Is there any equation out there that links the change in enthalpy (H) to the change in cell potential/voltage (E)?

Yes, but the relationship involves the Gibbs Free Energy, which is G = H - TS, snd S is the entropy change. The change in G is approximatly the change in H in most cells.

See http://www.tannerm.com/relation.htm

To understand the relationship between the change in enthalpy (H) and the change in cell potential/voltage (E), it is important to consider the Gibbs free energy (G) in the context of electrochemical reactions.

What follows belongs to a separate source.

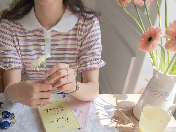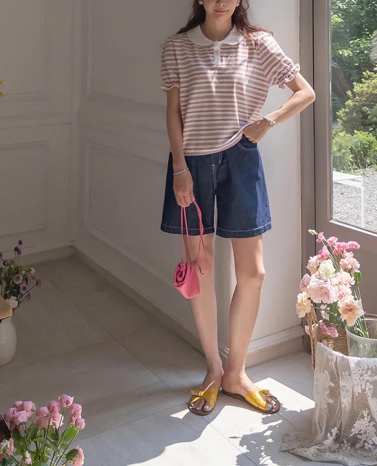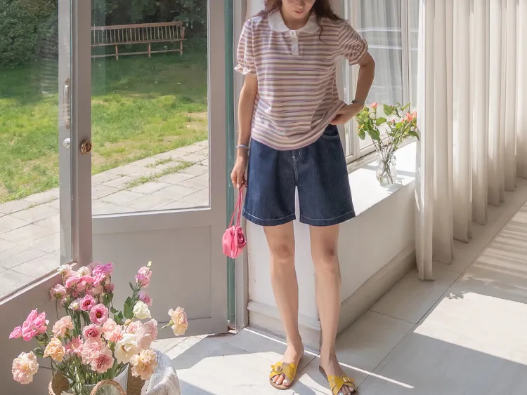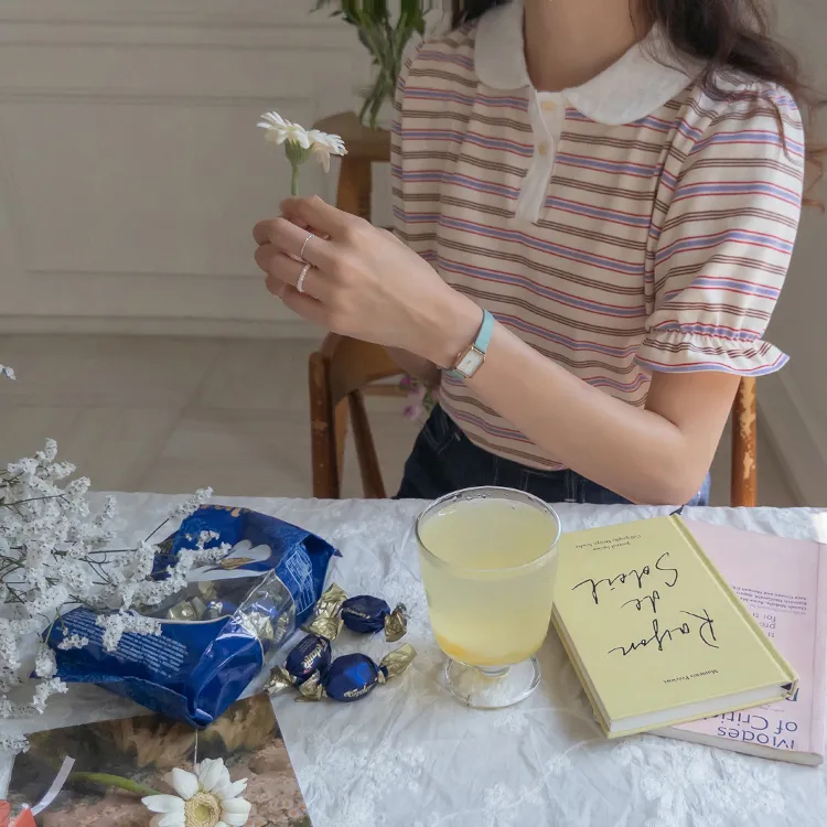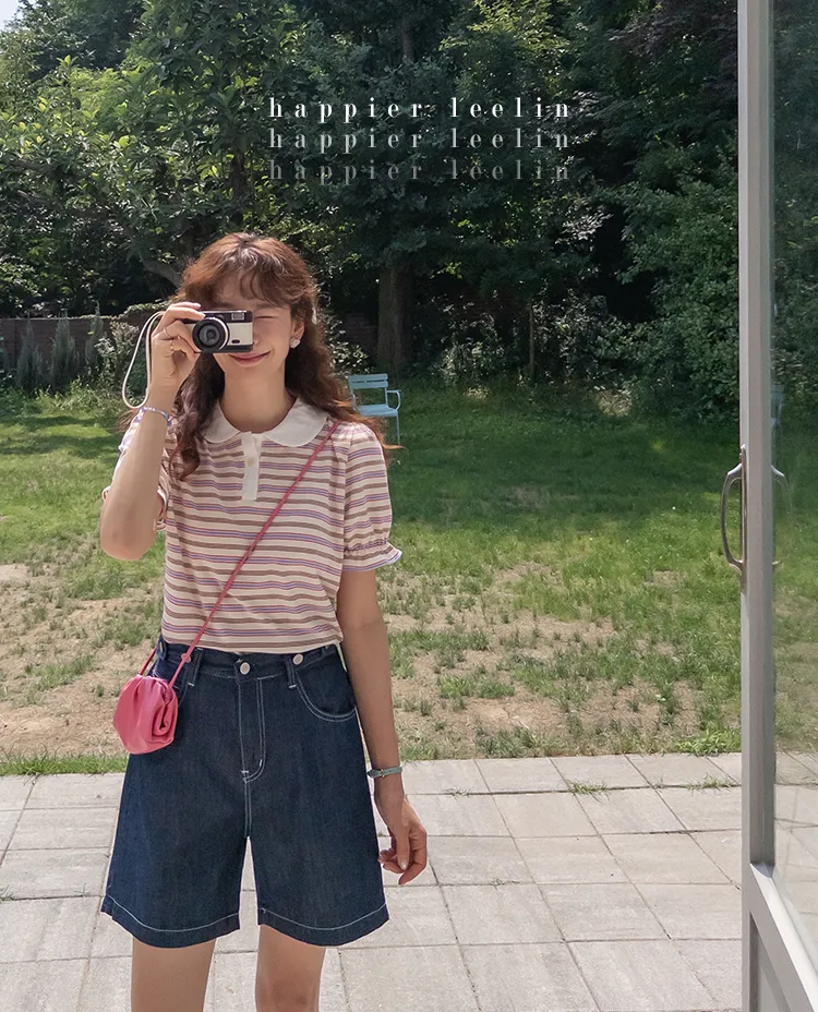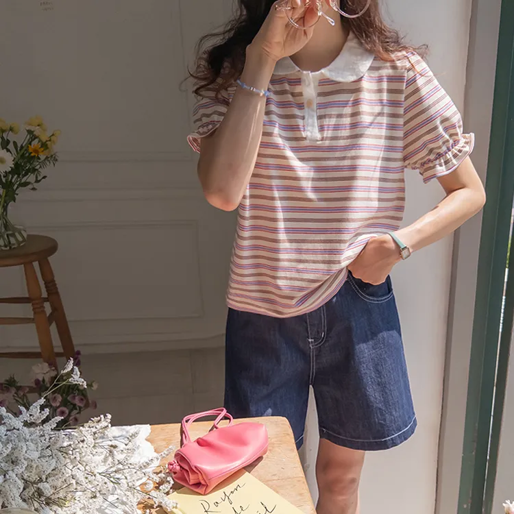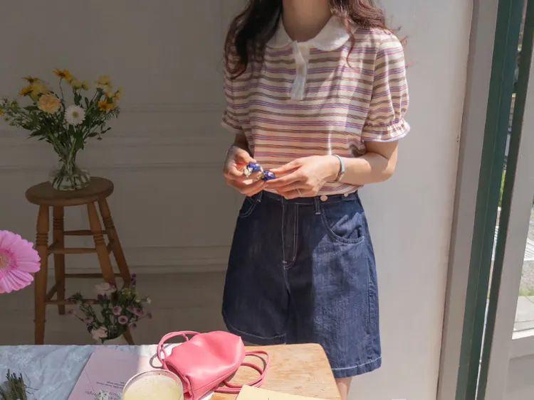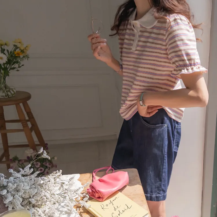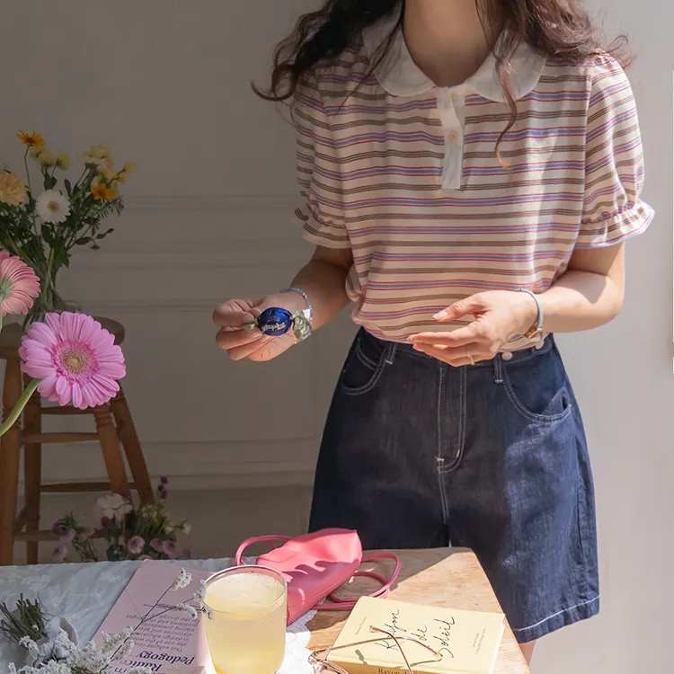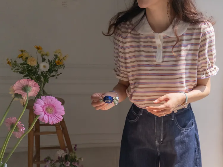 可愛袖口束摺邊半排扣圓領色彩條紋上衣

The Gibbs free energy (G) is a thermodynamic property that measures the maximum amount of useful work that can be extracted from a system at constant temperature and pressure. It is related to enthalpy (H) and entropy (S) through the equation:

G = H - TS

Where:
- G is the Gibbs free energy
- H is the enthalpy
- T is the temperature in Kelvin
- S is the entropy change

For electrochemical reactions and cells, we can use the following equation:

ΔG = -nFE

Where:
- ΔG is the change in Gibbs free energy
- n is the number of moles of electrons transferred in the reaction
- F is the Faraday constant (approximately 96,485 C/mol)
- E is the cell potential or voltage

This equation relates the change in Gibbs free energy to the cell potential or voltage. However, it does not directly link to the change in enthalpy (H). Instead, it quantifies the maximum amount of work that can be obtained from the conversion of chemical energy to electrical energy within the cell.

Therefore, it is not straightforward to directly equate the change in enthalpy (H) with the change in cell potential/voltage (E). However, in most cases, the change in Gibbs free energy (ΔG) is approximately equal to the change in enthalpy (ΔH) for cells operating under standard conditions.